_What is needed_. Each entry must be given again exactly; images do not belong in the copy.

_Supplied data_.
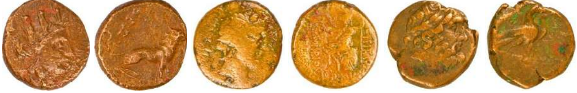
Ç.:14.5X14 mm, E. 3 mm, A.:3.64 gr. Ç.:22X21.5 mm, E.:2.8 mm, A.:7.95 gr. Ç.:19 mm, E.: 4.5 mm, A.: 6.84 gr.
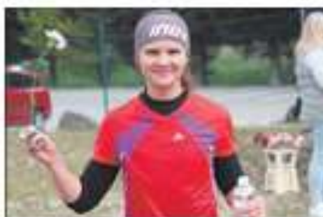
OLŠANY Běh jako výzva pro všechny, ne jen pro „elitní“ běžce. Mladý Vysočina 40 (11. ročník) má rekordy v 10 km (18:00) a 15 km (27:00).

A vítězka jedné, druhé kategorie v přípravě kategorie 10 km. Mladý Vysočina 40 (11. ročník) má rekordy v 10 km (18:00) a 15 km (27:00).
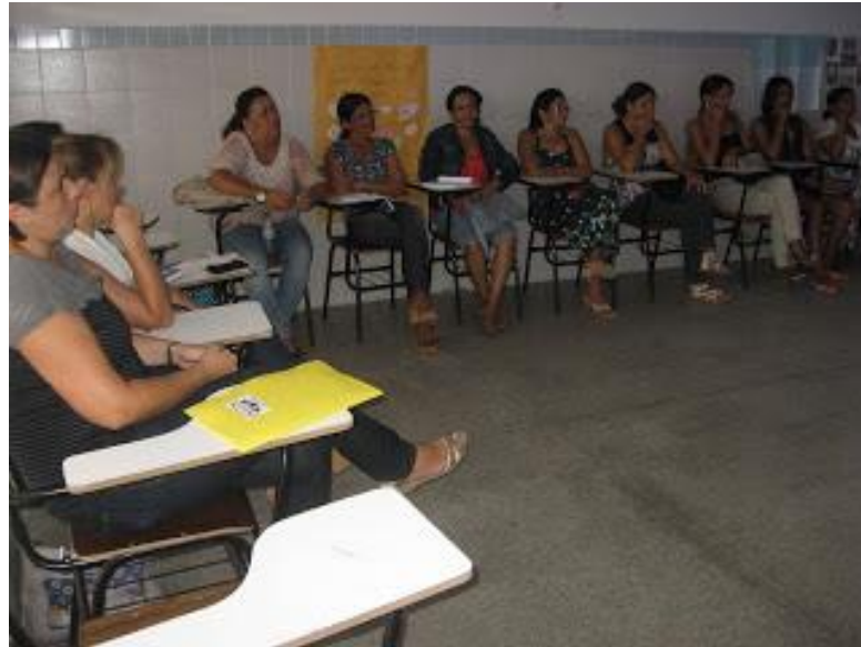
Figura 2 Fotografia da aplicação de questionário aos professores. Acervo da Escola Municipal Cecílio Eugênio Alves.
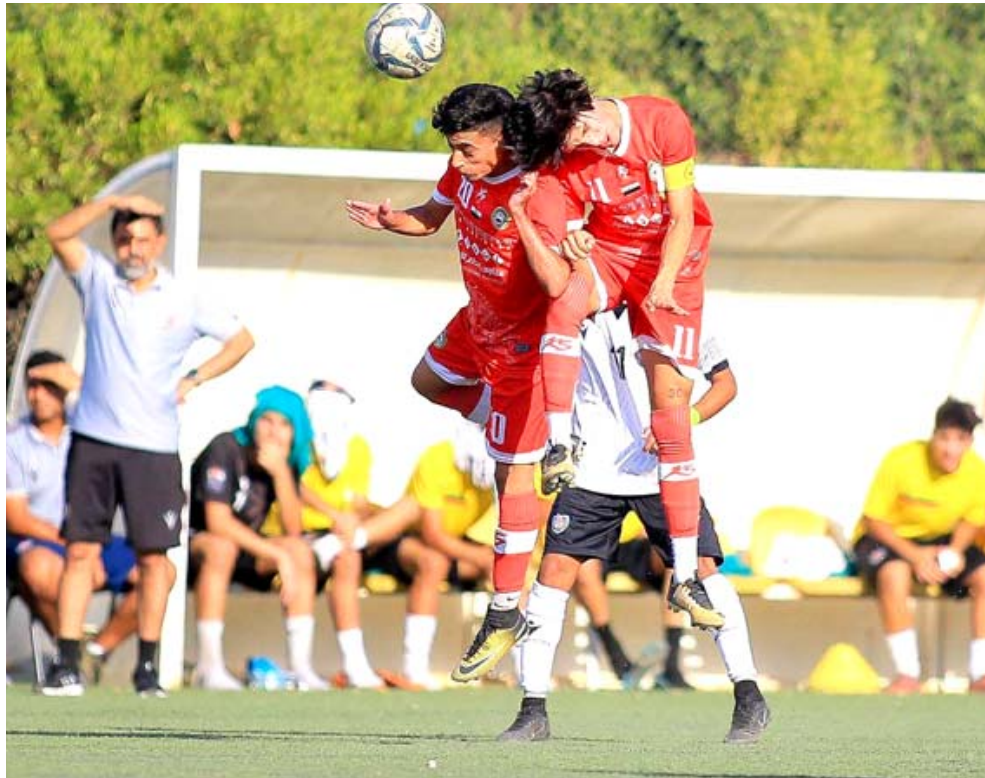
فوز: حقق شباب نطق البصرة فوزه الثاني ويبلغ الدور الثاني

وتمكن الامانة من رفع حظوظه في المنافسات والتطلع الى التأهل بعد تغلبه على الزراء بعدما تصدر مجموعته في الختام من الجولة الثانية بالخروج بنتيجة ايجابية بعد السقوط امام نقط البصرة وتأخيراتها العالية جدا كما سيخوض الفريق لقاء حاسما امام الناصرية وللعجب ورغبة الفوز وهي النتيجة التي من شأنها ان تمنحه تحديد طريق التأهل للدور نصف النهائي لكنها تبدو مهمة صعبة لرغبة المنافس في اللعب بشعار يجب الفوز للاطلاع على امالة في المنافسة، الناصرية بثلاث نقاط من الفوز على الزراء وبرصيد خمسة اهداف وعليه ثلاثة اليوم الخميس في مواجهة الزوراء من جانبه تعتبر الناصرية في الخطوة الامم
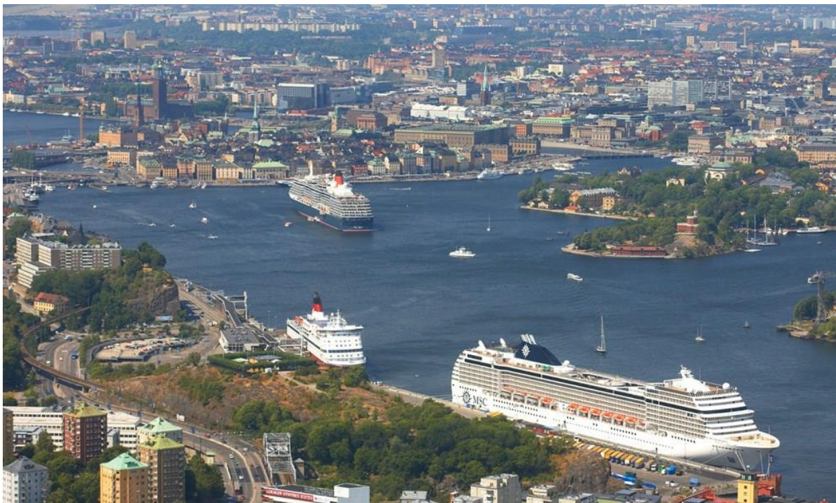
Slika 6: Terminal Nynashamn [7]

Između 2013. i 2016. godine obnovljena je cijela luka Vartahamnen s pet novih pristaništa s pametnim i ekološki prihvatljivim rješenjima te suvremenim putničkim terminalom.
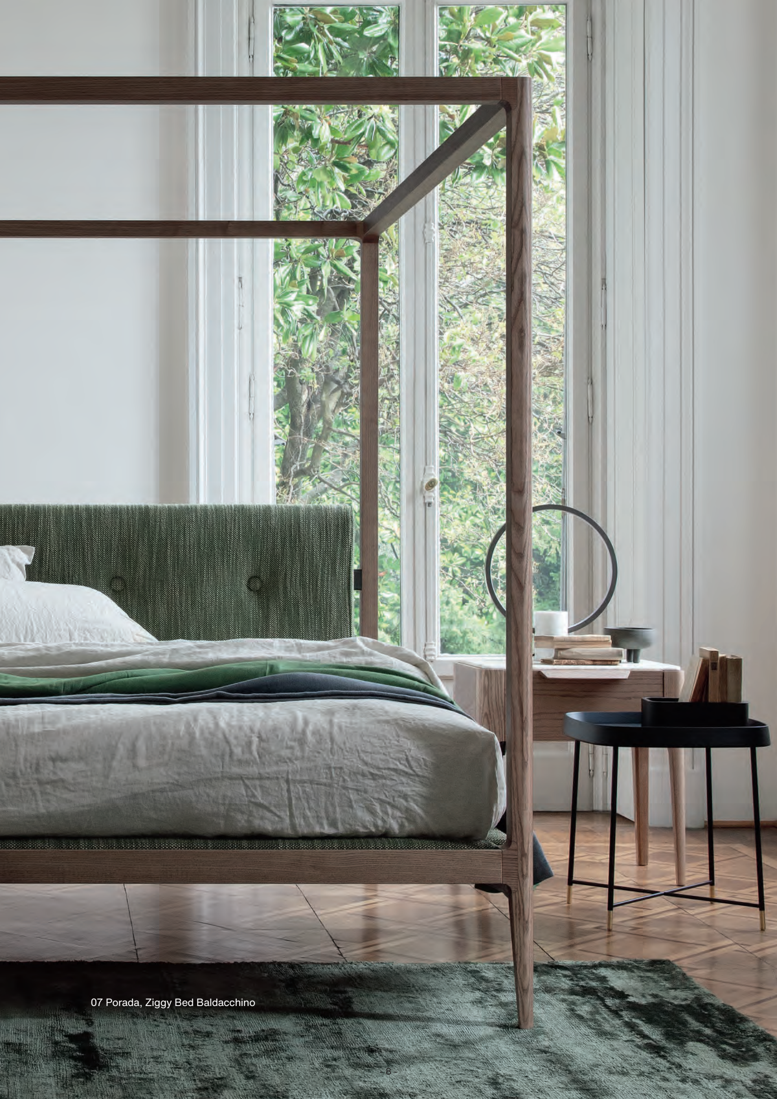
07 Porada, Ziggy Bed Baldacchino
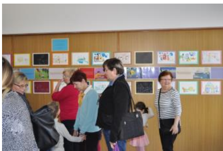
Zaključni dogodek v vrtcu Ivana Glinška v Mariboru

natečaju »Spoznavanje integritete skozi sliko in igro«, več o obeh natečajih pa si lahko preberete v tej številki Vestnika.
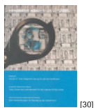
NL 01 2005 [30]
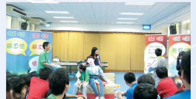
性教育互動工作坊

在「和諧校園」方面，輔導組透過各班師生的共同努力及協作下，凝聚「惠僑一家人」的關愛文化，推動彼此認識及接納，從而增加歸屬感及建立和諧校園氣氛。本年度舉辦的活動有「班際禮貌比賽」、「禮貌之星」選舉活動、「事事講禮」標語創作比賽，提醒同學在日常生活注意禮貌的重要性，並以禮待人；其他如「迪士尼同樂日」、「朋輩輔導」計劃、「高年級師徒計劃」、「Cooking Mama美食製作班」及各級家訪等，都是透過活動以建立更和諧的關愛校園，並對學生作出更適切的輔導及支援。
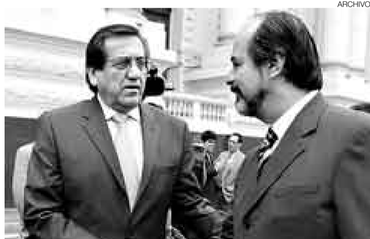
AL FILO DE LA CENSURA. Hasta ahora habría 59 de los 61 votos para respaldar la censura política al Gabinete Ministerial de Del Castillo.

Mañana viernes se reunirán los voceros de las bancadas parlamentarias con la Mesa Directiva
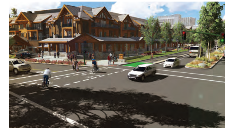
Dibujo Conceptual: propuesta de la intersección de Main Street
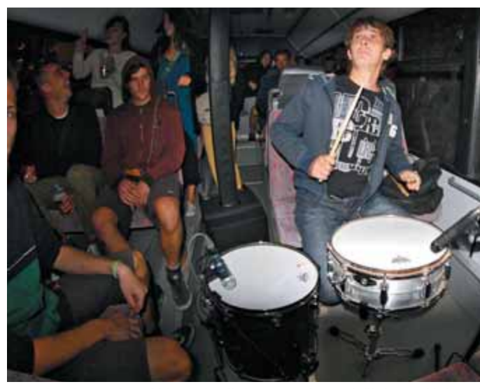
Kam bus je avtobus, ki je na letošnjem Kamfestu olajšal pot obiskovalcem festivala na relaciji Kamnik-Ljubljana. Ne samo, da sta Kam bus in Kamnik bus v času festivala vozila brezplačno, v in na Kam bus so na praznični četrtek postavili večerno koncertno dogajanje. Kamfest zares zmore vse!
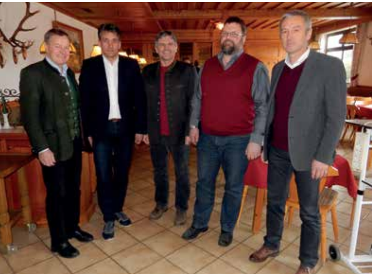
BÜRGERMEISTER DER KLEINREGION GRÖBMING
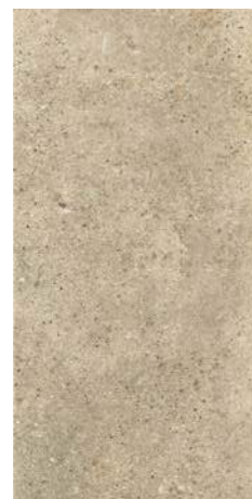
ROCKS BEIGE 30 x 60 (G 57) 11,8" x 23,6" m 2
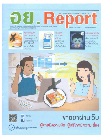
อย. Report ฉบับที่ ๘๐ ประจำเดือนพฤษภาคม ๒๕๕๙
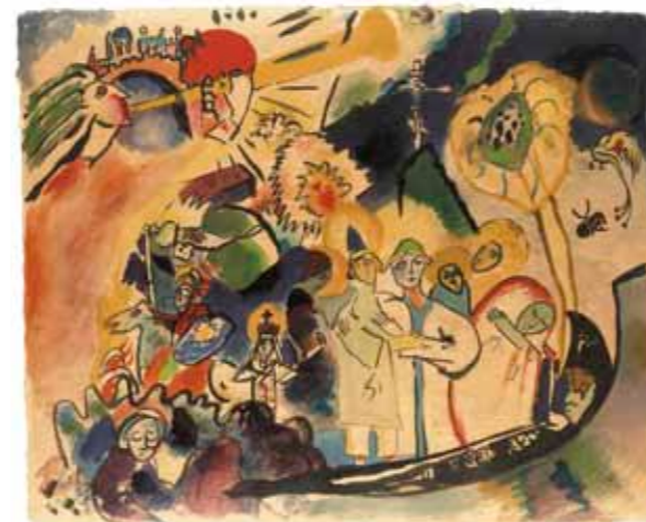
Wassily Kandinsky Allerheiligen, um 1910 Aquarell auf Zeichenkarton, 38 x 47 cm Museum Wiesbaden, Dauerleihgabe des Vereins zur Förderung der Bildenden Kunst in Wiesbaden e.V., Sammlung Hanna Bekker vom Rath

Synthese und Synästhesie: Farbe, Form und innerer Klang
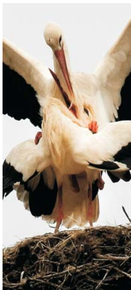
Cigüeñas. Autor: J. Gallego
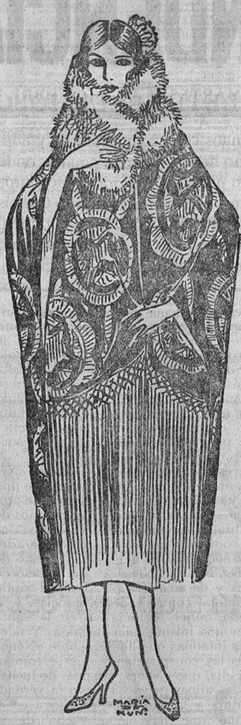
Sale de una cena del Ritz, y parece que vuelve de una verbena, con su «manteau» negro bordado en plata, con ancho fleco en el delantero y forrado de tisú de plata.
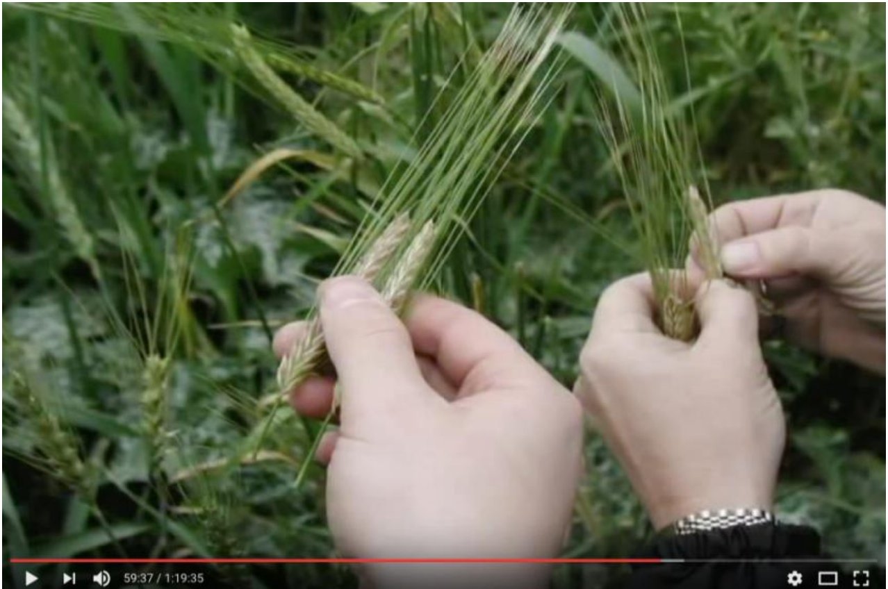
剛吐穗的大麥
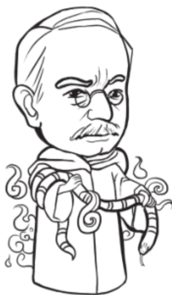
图1-4 荣格：梦的用途是传承和预示
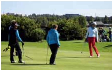
"Tunnelmia seuran mestaruuskilpailuista."
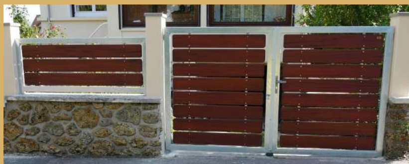
SW210 avec finition saturabois S01 Chocolat Photos non contractuelle

Composez un ensemble avec portillon et clôture du même modèle
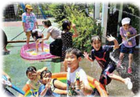
夏といえば水遊び!
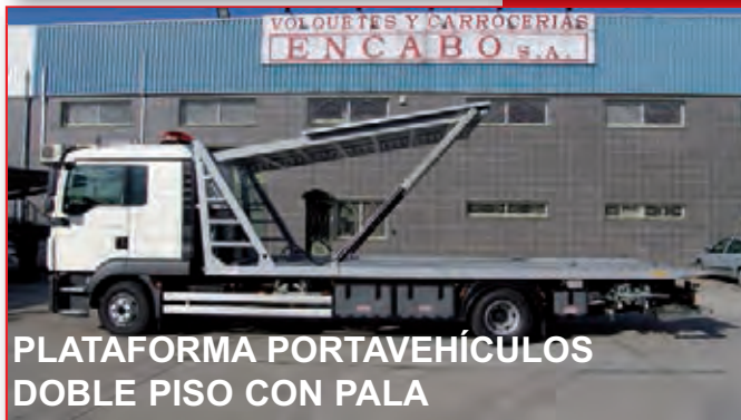
PLATAFORMA PORTAVEHÍCULOS DOBLE PISO CON PALA
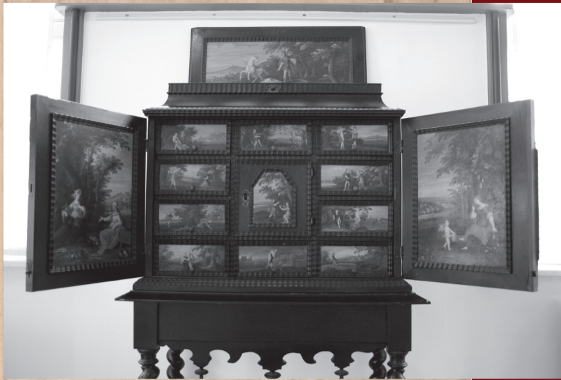
Kabinet Noten, ebben, koper, tin 17 e eeuw, Vlaanderen
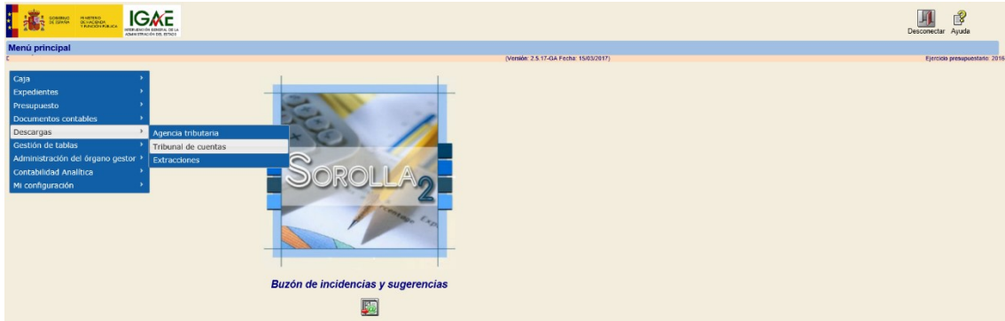
Ilustración 2: Fichero para el Tribunal de Cuentas desde Órgano Gestor
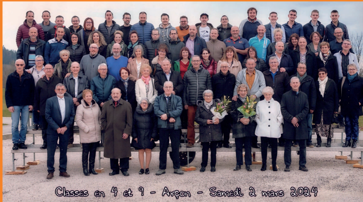
Classes en 4 et 9 - Arçon - Samedi 2 mars 2024
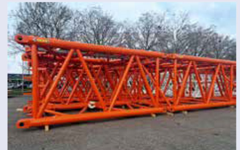
Gittermastkomponenten in neuer Farbe.
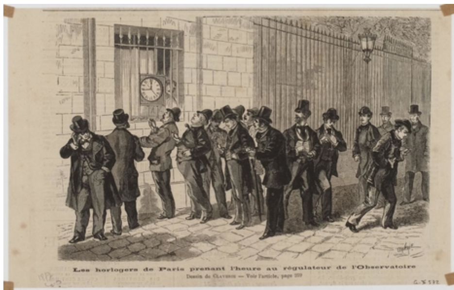
FIGURE 1.4. – Les horlogers de Paris prenant l’heure au régulateur de l’Observatoire, 1817.
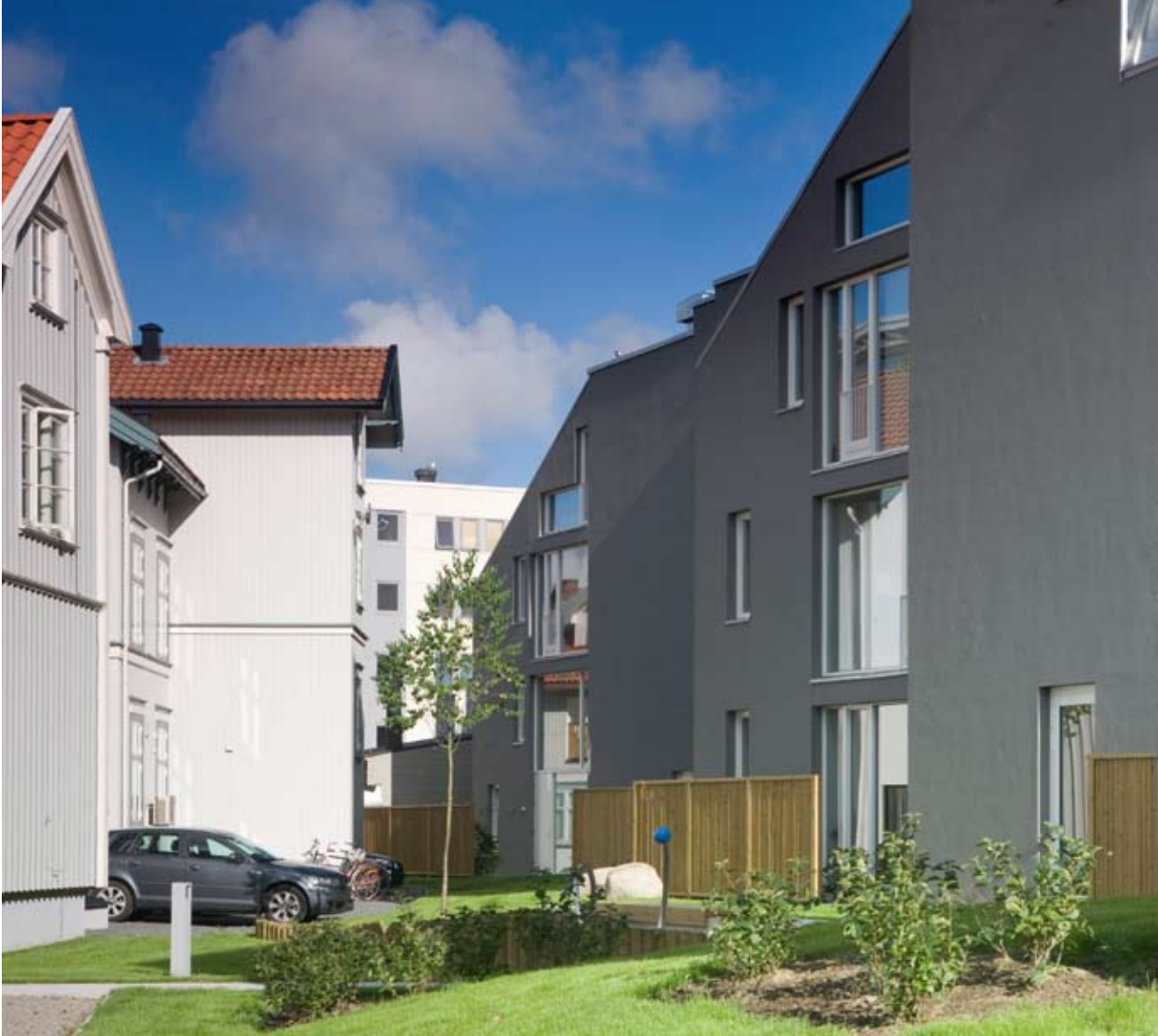
Nytt møter gammelt
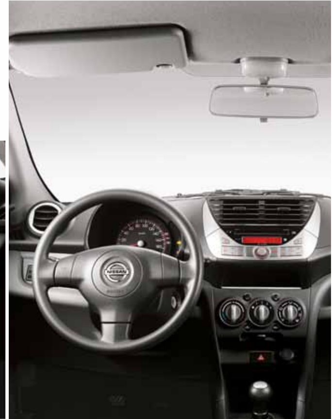
Neuer abblendbarer Innenspiegel

Gesamtverbrauch l/100 km: kombiniert 5,1– 4,3; CO 2 -Emissionen: kombiniert 118–99 g/km (Messverfahren gem. EU-Norm); Effizienzklasse: D–C. Durchschnittswert CO 2 -Emissionen der Personenwagen in der Schweiz: 159 g/km.

_Solution_.
Ç.:14.5X14 mm, E. 3 mm, A.:3.64 gr. Ç.:22X21.5 mm, E.:2.8 mm, A.:7.95 gr. Ç.:19 mm, E.: 4.5 mm, A.: 6.84 gr.
OLŠANY Běh jako výzva pro všechny, ne jen pro „elitní“ běžce. Mladý Vysočina 40 (11. ročník) má rekordy v 10 km (18:00) a 15 km (27:00).

A vítězka jedné, druhé kategorie v přípravě kategorie 10 km. Mladý Vysočina 40 (11. ročník) má rekordy v 10 km (18:00) a 15 km (27:00).
Figura 2 Fotografia da aplicação de questionário aos professores. Acervo da Escola Municipal Cecílio Eugênio Alves.
فوز: حقق شباب نطق البصرة فوزه الثاني ويبلغ الدور الثاني

وتمكن الامانة من رفع حظوظه في المنافسات والتطلع الى التأهل بعد تغلبه على الزراء بعدما تصدر مجموعته في الختام من الجولة الثانية بالخروج بنتيجة ايجابية بعد السقوط امام نقط البصرة وتأخيراتها العالية جدا كما سيخوض الفريق لقاء حاسما امام الناصرية وللعجب ورغبة الفوز وهي النتيجة التي من شأنها ان تمنحه تحديد طريق التأهل للدور نصف النهائي لكنها تبدو مهمة صعبة لرغبة المنافس في اللعب بشعار يجب الفوز للاطلاع على امالة في المنافسة، الناصرية بثلاث نقاط من الفوز على الزراء وبرصيد خمسة اهداف وعليه ثلاثة اليوم الخميس في مواجهة الزوراء من جانبه تعتبر الناصرية في الخطوة الامم
Slika 6: Terminal Nynashamn [7]

Između 2013. i 2016. godine obnovljena je cijela luka Vartahamnen s pet novih pristaništa s pametnim i ekološki prihvatljivim rješenjima te suvremenim putničkim terminalom.
07 Porada, Ziggy Bed Baldacchino
Zaključni dogodek v vrtcu Ivana Glinška v Mariboru

natečaju »Spoznavanje integritete skozi sliko in igro«, več o obeh natečajih pa si lahko preberete v tej številki Vestnika.
NL 01 2005 [30]
性教育互動工作坊

在「和諧校園」方面，輔導組透過各班師生的共同努力及協作下，凝聚「惠僑一家人」的關愛文化，推動彼此認識及接納，從而增加歸屬感及建立和諧校園氣氛。本年度舉辦的活動有「班際禮貌比賽」、「禮貌之星」選舉活動、「事事講禮」標語創作比賽，提醒同學在日常生活注意禮貌的重要性，並以禮待人；其他如「迪士尼同樂日」、「朋輩輔導」計劃、「高年級師徒計劃」、「Cooking Mama美食製作班」及各級家訪等，都是透過活動以建立更和諧的關愛校園，並對學生作出更適切的輔導及支援。
AL FILO DE LA CENSURA. Hasta ahora habría 59 de los 61 votos para respaldar la censura política al Gabinete Ministerial de Del Castillo.

Mañana viernes se reunirán los voceros de las bancadas parlamentarias con la Mesa Directiva
Dibujo Conceptual: propuesta de la intersección de Main Street
Kam bus je avtobus, ki je na letošnjem Kamfestu olajšal pot obiskovalcem festivala na relaciji Kamnik-Ljubljana. Ne samo, da sta Kam bus in Kamnik bus v času festivala vozila brezplačno, v in na Kam bus so na praznični četrtek postavili večerno koncertno dogajanje. Kamfest zares zmore vse!
BÜRGERMEISTER DER KLEINREGION GRÖBMING
ROCKS BEIGE 30 x 60 (G 57) 11,8" x 23,6" m 2
อย. Report ฉบับที่ ๘๐ ประจำเดือนพฤษภาคม ๒๕๕๙
Wassily Kandinsky Allerheiligen, um 1910 Aquarell auf Zeichenkarton, 38 x 47 cm Museum Wiesbaden, Dauerleihgabe des Vereins zur Förderung der Bildenden Kunst in Wiesbaden e.V., Sammlung Hanna Bekker vom Rath

Synthese und Synästhesie: Farbe, Form und innerer Klang
Cigüeñas. Autor: J. Gallego
Sale de una cena del Ritz, y parece que vuelve de una verbena, con su «manteau» negro bordado en plata, con ancho fleco en el delantero y forrado de tisú de plata.
剛吐穗的大麥
图1-4 荣格：梦的用途是传承和预示
"Tunnelmia seuran mestaruuskilpailuista."
SW210 avec finition saturabois S01 Chocolat Photos non contractuelle

Composez un ensemble avec portillon et clôture du même modèle
夏といえば水遊び!
PLATAFORMA PORTAVEHÍCULOS DOBLE PISO CON PALA
Kabinet Noten, ebben, koper, tin 17 e eeuw, Vlaanderen
Ilustración 2: Fichero para el Tribunal de Cuentas desde Órgano Gestor
Classes en 4 et 9 - Arçon - Samedi 2 mars 2024
Gittermastkomponenten in neuer Farbe.
FIGURE 1.4. – Les horlogers de Paris prenant l’heure au régulateur de l’Observatoire, 1817.
Nytt møter gammelt
Neuer abblendbarer Innenspiegel

Gesamtverbrauch l/100 km: kombiniert 5,1– 4,3; CO 2 -Emissionen: kombiniert 118–99 g/km (Messverfahren gem. EU-Norm); Effizienzklasse: D–C. Durchschnittswert CO 2 -Emissionen der Personenwagen in der Schweiz: 159 g/km.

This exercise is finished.